With “no one is born a woman” she was referring exactly to GENDER, to socialization, not sex.
Stop lying about the meaning of that quote for your own interests.And, for you, aren’t transwomen born women?

no. every contemporary account of gender created by trans women in the outsider theory community–the only place we’re actually welcome–holds that gender is a fully social process. whether you want to look at material feminism, trans material feminism specifically, trans lesbian feminism, trans separatism, or gender nihilism (a school of thought from outsider theorists that has actually, like, been taught at multiple gender studies departments), every last one of them treats gender as socialized (since, like, 1994)–which you would know if you bothered to engage with trans women versed in theory and hadn’t gathered all your information about our alleged self-conception from buzzfeed articles and pop liberalism’s approach to transness.
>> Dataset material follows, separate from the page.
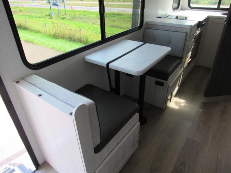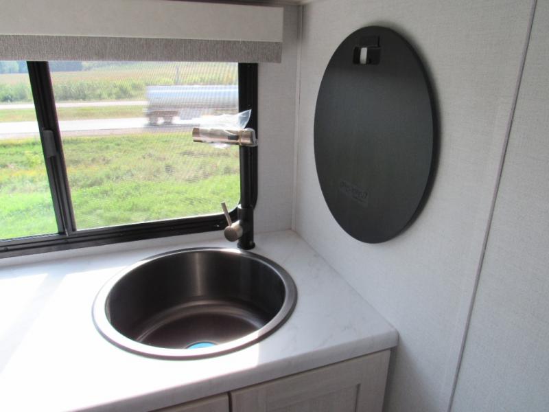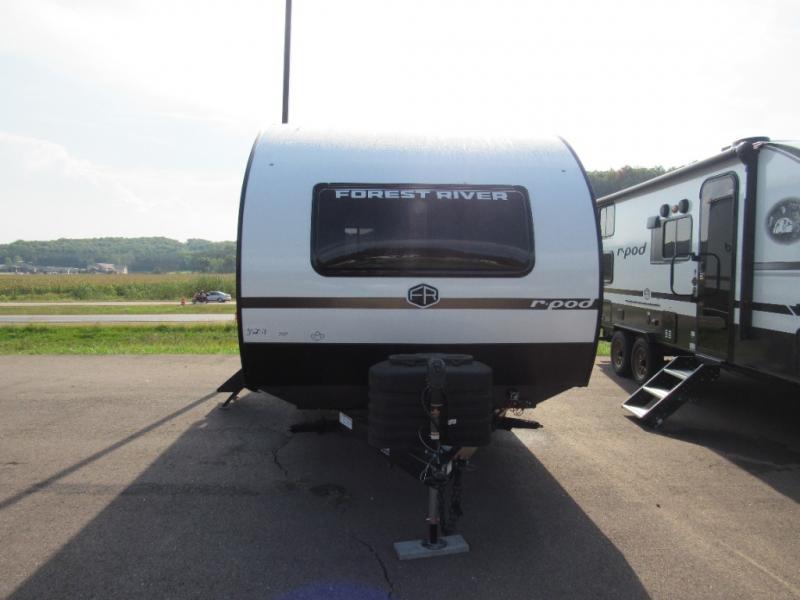 With any R-Pod travel trailer by Forest River, you will enjoy affordable luxury at the lowest tow weight in its class! There is a sealed underbelly with forced heat, a curved dual-pane acrylic front window with a bug screen and night shade, plus a large roof mounted solar panel for off-grid capabilities. The 15K A/C unit will keep you comfortable during the summer camping months, and the tankless water heater will provide endless hot showers after hiking, biking, swimming and more! Each model also includes a black glass friction hinge entrance door, roof ladder prep, exterior motion lighting, plus a hot and cold exterior spray port to wash off sand from the beach. Inside, you'll enjoy seamless Surf-X kitchen countertops, blackout roller shades, and a central vacuum system for hassle-free cleaning!

moreover, if you’d actually read the work from de beauvoir, you’d remember that the first thing she writes in that chapter of the second sex is this:

[B]elief…in a ‘prehistory’ when women created civilization (because of a biological predisposition) while the coarse and brutal men hunted (because of a biological predisposition) is symmetrical with the biologizing interpretation of history produced now by the class of men….Furthermore, not only is this conception still imprisoned in the  categories of sex (woman and man), but it holds onto the idea that the capacity to give birth (biology) is what defines a woman…By doing this…[n]ot only to we naturalize history, but also consequently we naturalize the social phenomena which express our oppression, making change impossible.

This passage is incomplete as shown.